# Exercise details
Return, with both end lines included, exactly what the data below holds from the line with "The first iceberg" through the line with "This casual, yet", though not the pictures.
----- Recorded data -----
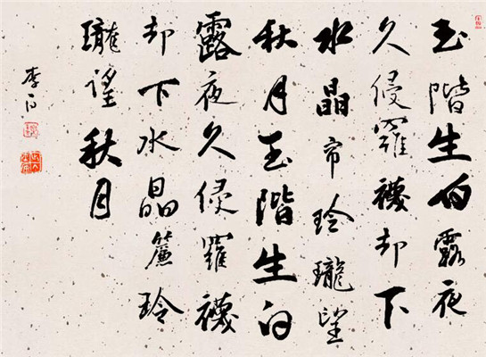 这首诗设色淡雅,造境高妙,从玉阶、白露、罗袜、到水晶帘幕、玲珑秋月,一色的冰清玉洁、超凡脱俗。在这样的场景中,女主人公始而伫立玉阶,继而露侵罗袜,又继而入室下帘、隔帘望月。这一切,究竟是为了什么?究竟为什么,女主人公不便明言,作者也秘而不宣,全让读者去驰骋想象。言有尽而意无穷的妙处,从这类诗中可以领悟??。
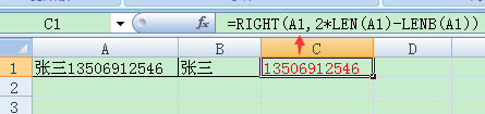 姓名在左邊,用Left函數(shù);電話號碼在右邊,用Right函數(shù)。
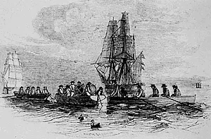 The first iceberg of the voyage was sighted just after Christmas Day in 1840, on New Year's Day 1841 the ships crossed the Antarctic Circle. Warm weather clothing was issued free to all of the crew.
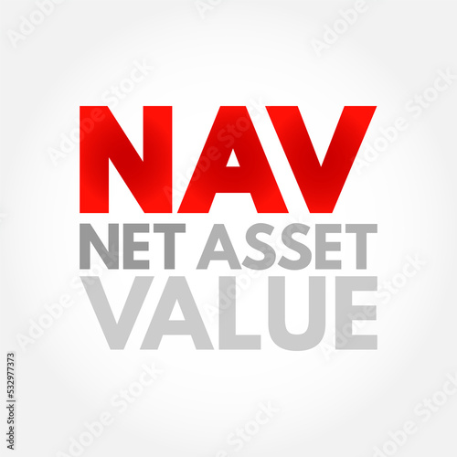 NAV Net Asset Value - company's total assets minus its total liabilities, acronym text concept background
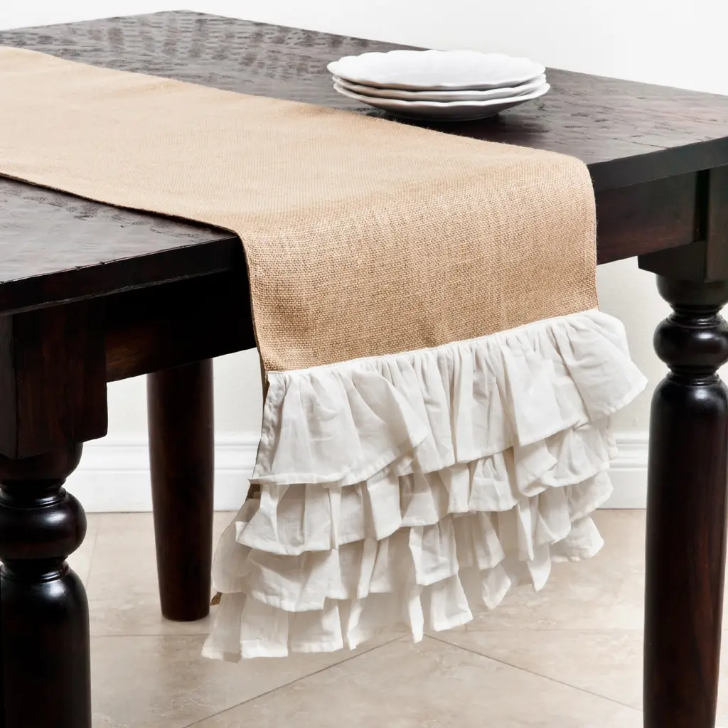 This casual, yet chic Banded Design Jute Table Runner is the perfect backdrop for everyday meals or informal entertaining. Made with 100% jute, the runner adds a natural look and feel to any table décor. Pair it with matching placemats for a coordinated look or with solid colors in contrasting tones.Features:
-----
----- Recorded data -----
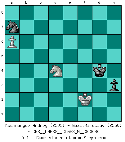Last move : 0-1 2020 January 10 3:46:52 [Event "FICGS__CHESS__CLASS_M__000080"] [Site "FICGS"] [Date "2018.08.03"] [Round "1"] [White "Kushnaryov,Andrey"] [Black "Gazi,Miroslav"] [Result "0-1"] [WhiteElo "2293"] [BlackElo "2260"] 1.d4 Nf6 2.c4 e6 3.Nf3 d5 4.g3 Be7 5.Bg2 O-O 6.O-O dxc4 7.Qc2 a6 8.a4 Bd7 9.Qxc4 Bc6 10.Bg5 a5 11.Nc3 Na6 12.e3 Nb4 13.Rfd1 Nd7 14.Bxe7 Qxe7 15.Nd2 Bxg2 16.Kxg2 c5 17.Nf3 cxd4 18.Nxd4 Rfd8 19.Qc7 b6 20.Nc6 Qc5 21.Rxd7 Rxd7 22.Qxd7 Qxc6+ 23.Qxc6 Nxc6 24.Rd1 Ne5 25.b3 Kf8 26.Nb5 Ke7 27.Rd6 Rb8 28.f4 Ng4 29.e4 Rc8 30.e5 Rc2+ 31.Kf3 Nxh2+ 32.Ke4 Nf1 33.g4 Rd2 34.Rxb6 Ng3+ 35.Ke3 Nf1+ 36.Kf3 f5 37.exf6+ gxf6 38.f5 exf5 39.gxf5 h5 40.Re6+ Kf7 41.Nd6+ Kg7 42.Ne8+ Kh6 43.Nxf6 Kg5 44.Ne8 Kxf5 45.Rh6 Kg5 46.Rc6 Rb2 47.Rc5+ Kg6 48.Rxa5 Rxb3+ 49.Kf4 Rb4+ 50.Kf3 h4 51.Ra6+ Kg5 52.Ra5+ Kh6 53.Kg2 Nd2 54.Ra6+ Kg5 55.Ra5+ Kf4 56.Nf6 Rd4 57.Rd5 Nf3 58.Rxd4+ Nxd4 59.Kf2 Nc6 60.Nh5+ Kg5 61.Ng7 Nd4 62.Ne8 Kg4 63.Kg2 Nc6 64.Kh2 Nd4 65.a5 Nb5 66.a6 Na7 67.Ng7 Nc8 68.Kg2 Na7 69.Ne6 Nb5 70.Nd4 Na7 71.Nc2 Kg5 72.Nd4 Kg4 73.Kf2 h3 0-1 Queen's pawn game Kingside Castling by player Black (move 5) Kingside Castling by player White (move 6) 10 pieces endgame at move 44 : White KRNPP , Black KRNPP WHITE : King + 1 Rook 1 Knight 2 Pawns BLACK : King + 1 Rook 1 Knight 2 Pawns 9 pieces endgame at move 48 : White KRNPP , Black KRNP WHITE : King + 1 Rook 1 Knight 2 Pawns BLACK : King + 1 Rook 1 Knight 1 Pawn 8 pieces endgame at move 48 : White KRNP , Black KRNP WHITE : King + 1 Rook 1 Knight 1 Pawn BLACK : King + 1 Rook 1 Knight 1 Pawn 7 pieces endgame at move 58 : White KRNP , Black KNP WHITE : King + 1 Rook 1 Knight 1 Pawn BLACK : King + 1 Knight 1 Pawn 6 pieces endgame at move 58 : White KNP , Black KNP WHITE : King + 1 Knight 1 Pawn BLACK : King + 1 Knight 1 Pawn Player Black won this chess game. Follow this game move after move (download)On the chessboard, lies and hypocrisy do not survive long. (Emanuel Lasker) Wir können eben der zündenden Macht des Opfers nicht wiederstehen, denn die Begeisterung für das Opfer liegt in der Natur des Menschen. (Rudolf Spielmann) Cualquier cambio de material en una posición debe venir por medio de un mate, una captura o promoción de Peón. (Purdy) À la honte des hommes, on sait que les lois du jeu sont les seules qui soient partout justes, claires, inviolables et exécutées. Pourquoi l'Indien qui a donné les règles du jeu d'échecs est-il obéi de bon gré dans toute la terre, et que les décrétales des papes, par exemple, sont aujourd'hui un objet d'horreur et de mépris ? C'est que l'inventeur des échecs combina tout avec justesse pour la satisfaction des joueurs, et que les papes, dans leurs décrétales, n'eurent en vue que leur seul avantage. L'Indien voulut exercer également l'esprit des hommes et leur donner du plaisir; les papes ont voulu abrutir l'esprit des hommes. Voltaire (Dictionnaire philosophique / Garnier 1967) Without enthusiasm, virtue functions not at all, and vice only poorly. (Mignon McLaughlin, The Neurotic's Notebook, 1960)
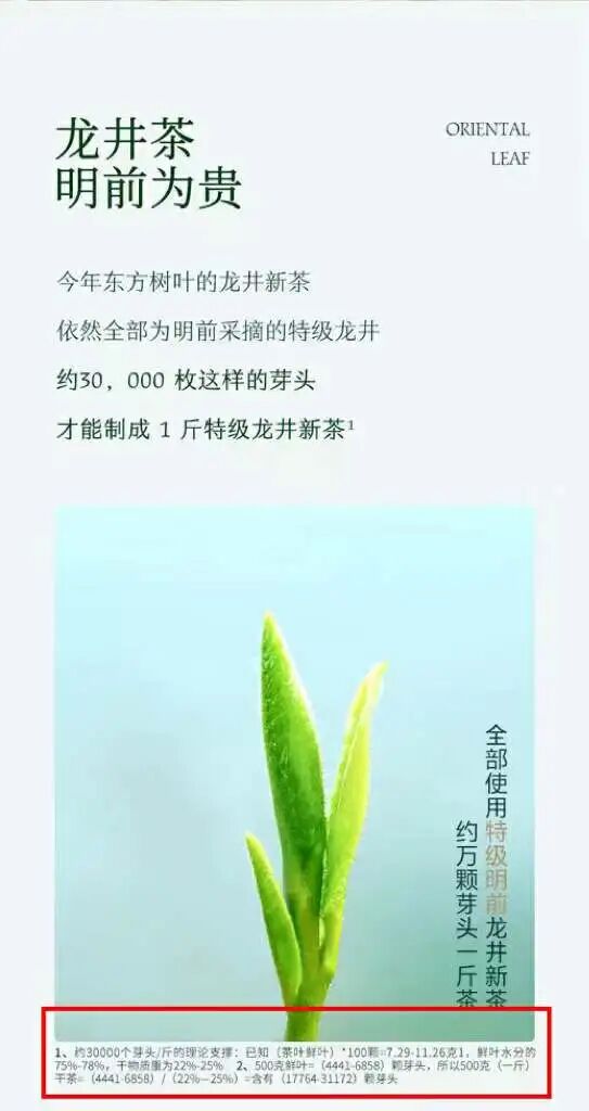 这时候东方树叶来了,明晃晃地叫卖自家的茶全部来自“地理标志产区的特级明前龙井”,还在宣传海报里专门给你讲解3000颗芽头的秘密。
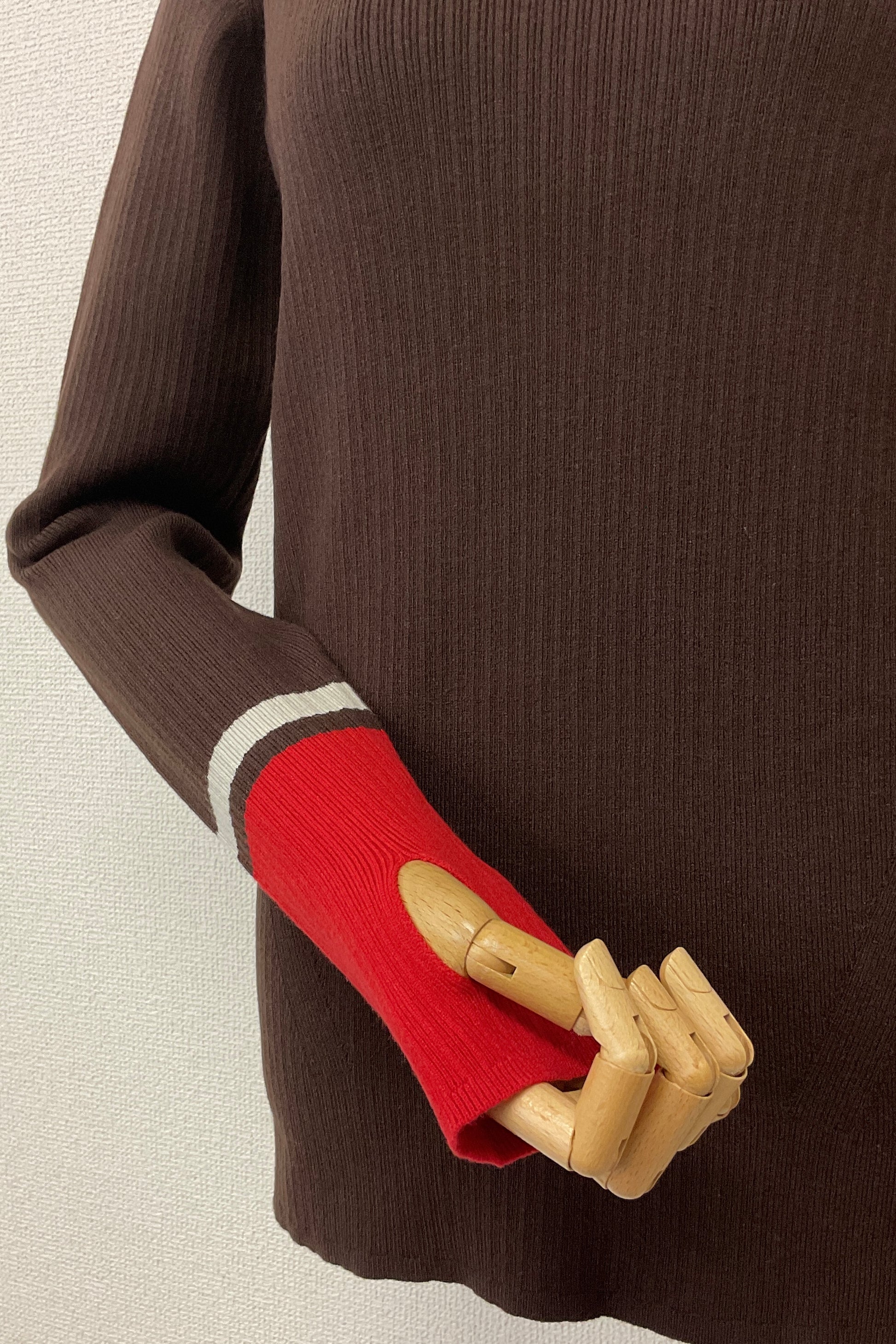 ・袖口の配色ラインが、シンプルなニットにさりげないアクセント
-----
# Response below
 The first iceberg of the voyage was sighted just after Christmas Day in 1840, on New Year's Day 1841 the ships crossed the Antarctic Circle. Warm weather clothing was issued free to all of the crew.
 NAV Net Asset Value - company's total assets minus its total liabilities, acronym text concept background
 This casual, yet chic Banded Design Jute Table Runner is the perfect backdrop for everyday meals or informal entertaining. Made with 100% jute, the runner adds a natural look and feel to any table décor. Pair it with matching placemats for a coordinated look or with solid colors in contrasting tones.Features:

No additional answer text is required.